Figure 5: gel electrophoresis picture for the colony PCR results of all the plasmids with xyIE as an insert. Expected size: 1200 bp. The left lane is a standard 1 Kb ladder (NEB).  A- One positive colony for the pT7 backbone can be seen; control stands for PCR mix without a colony. B- At least one positive colony for the pT3, pN4, pK1F and pSP6 backbones can be seen; the pT3 and pSP6 controls stands for a ligation reaction without an insert, the "control- no colony" stands for the PCR mix without a colony.
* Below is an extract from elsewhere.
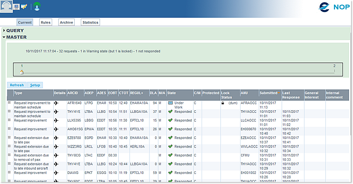 - Current: lists, in the MASTER section, all E-Helpdesk requests that:

We performed restriction with XhoI and XmaI restriction enzymes on both the plasmids and the inserts (phoA and xyIE) and ligated them together. In order to check whether the ligation was successful and we got ourselves new BioBricks we did a colony PCR with one primer for the insert and one for the plasmid.

phoA Colony PCR

<p>As shown in Figure 4, we managed to ligate the phoA insert with most of our backbones, except for the K1F promoter backbone. This means that we got 4 new BioBricks :)

xyIE colony PCR

As shown in Figure 5, we managed to ligate the xyIE insert with all of our backbones. This means that we got 5 new BioBricks :)

Controls

Positive Controls

Figure 6:  gel electrophoresis for the PCR results of the positive control backbone (triplicate). Expected size: 2300 bp. The left lane is a standard 1 Kb ladder (NEB).

As mentioned before, after we made our new BioBricks we wanted to know whether the genes are expressed and the assays actually work. So we ligated our inserts- phoA and xyIE, to a backbone from the distribution kit (BBa_I13600), which contained the pTetO promoter along with an engineered CFP (eCFP) gene which we removed by PCR. We also added XhoI and XmaI restriction sites in both ends of the plasmid. 
As shown in Figure 6, the experiment yielded a positive result.

Figure 7: gel electrophoresis for the colony PCR results of the positive control plasmids with each insert. Expected size for phoA: 3750 bp, and for xyIE: 3250 bp. The left lane is a standard 1 Kb ladder (NEB).
Restriction, Ligation and Transformation

We performed restriction with XhoI and XmaI restriction enzymes on both the plasmids and the inserts (phoA and xyIE) and ligated them together. In order to check whether the ligation was successful and we got ourselves new BioBricks we did a colony PCR with one primer for the insert and one for the plasmid. uniform

As shown in Figure 7, we had positive colonies only for the xyIE and not for the phoA.

Figure 8: Presents a starter of the BL21 bacteria with the pTetO + xyIE plasmid. On the left is a tube with the addition of catechol, on the right is the one without an addition of catechol.

As shown in Figure 8, a distinct yellowish hue in the xyIE assay was detected after the substrate was added, which means our xyIE gene works as planned.